My hunch is that the tick that bit her and caused the Babesiosis also carried Rickettsia or she was bitten by the tick and then contracted the Rickettsia from the flying squirrels in our house.

This is all just so exhausting......but I will never give up.

Tuesday, March 15, 2011

The Medical Mystery Continues -- Chronic ITP? Babesiosis? Epidemic Typhus?

My 17-year-old daughter has a complex medical history.  Let's just start with that.

She has a team of specialists at Floating Hospital for Children in Boston, and not one of them has diagnosed her case yet.

It all began when she was 10 years old, with gastrointestinal complaints.  The specialist began ordering tests, the common CBC one of them.  It was discovered she had low platelets (thrombocytopenia.)  For four years she was infused multiple times with WinRho and IVIG to raise her platelets.  She was diagnosed with Chronic ITP (idiopathic thrombocytopenic purpura).  One long-term solution was a spleenectomy.  Thankfully, my husband and I shelved that one as it seemed too drastic.  Good thing.

Her platelets seemed to resolve when she was 14.  She then complained of not being able to pay attention.  We had a private neuropsychological evaluation done by a psychiatrist.  He diagnosed her with inattentive ADD and dysgraphia.  We sought help from a world-renowned physician, Kenneth Bock, who was successfully reversing Autism, ADHD, Allergies and Asthma in children.  It took 6 months to get an appointment with him.  After running numerous lab tests, he decided to run a Babesia FISH test because in addition to the ADHD sysmptoms he knew she had a chronic infection.  The lab confirmed Babesiosis with a positive result.  She was treated twice before a negative lab result returned.  Good thing we didn't remove her spleen because Babesiosis is fatal for splenectomized patients.  Always good to follow your gut.

All other symptoms (unrelated to the Chronic ITP)  ---  headaches, backaches, stomachaches, unexplained and recurring fevers, achey skin, constipation  ----  all were eradicated after being treated for the Babesiosis.  That is ---- for four years.

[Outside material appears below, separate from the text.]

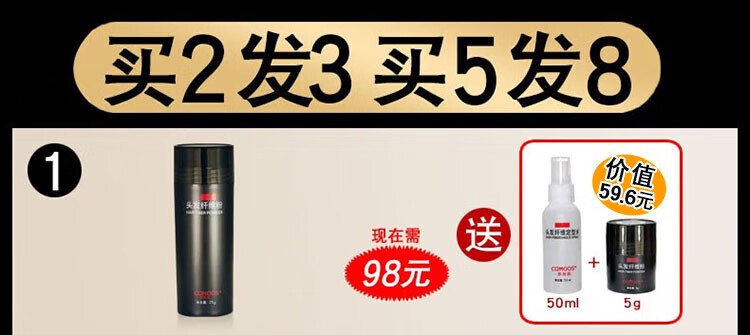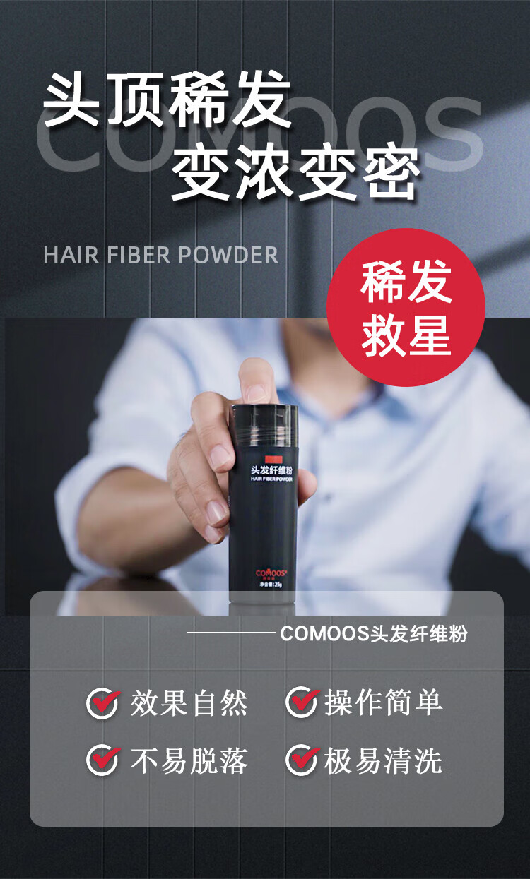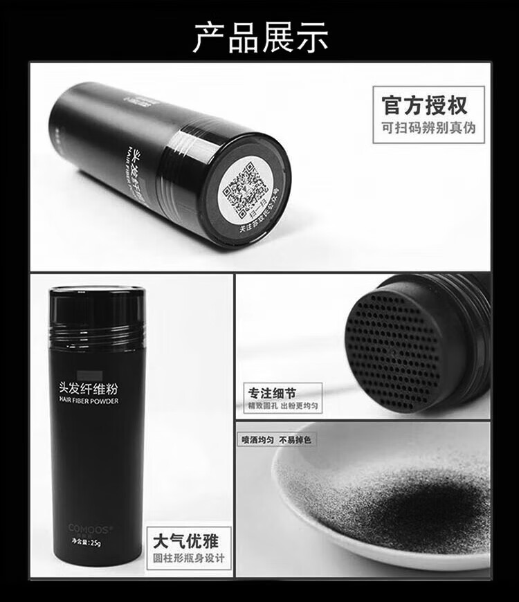 Sumei's (COMOOS) Hair Fiber Powder Visual Hair Increase Density Hair Replacement Seam Artifact Hairline Filling Spray Sparse Covering Black 25g bottle (recommend 3 bottles for repurchase)

Two months ago she began feeling ill again.  First we thought it was a viral URI.  Then two weeks later she suffered severe menstrual cramping.  Then a week later another infection.  Here are the weird symptoms:

  • cycling fever (not too high but only at night - fever breaks in the morning)
  • skin rash
  • headache
  • skin and muscle aches
  • cough
  • low platelets (35,000)
  • eye pain (just the right eye, but painful to avert her eye)

So she received IVIG to raise her platelets.  She is now being seen by Rheumatology because of antibodies not only against her platelets but also to her neutrophils.  She also has had anticardiolipin antibody and antiphospholipid antibody seen in her blood.

Rheumatology is rerunning the classic ANA test for Lupus, which has been negative in the past.

The doctors are perplexed.  Her blood anomalies don't fit any known disease.  If she has Chronic ITP why is she producing the other antibodies?

Oh, and by the way, we had Flying Squirrels nesting in our chimney and in our house.  Google research pointed me in the direction of Epidemic Typhus caused by the bacteria known as Rickettsia prowazekii.  The results for that test are still pending.

Anybody out there who has a similar story to tell or who can shed some new light?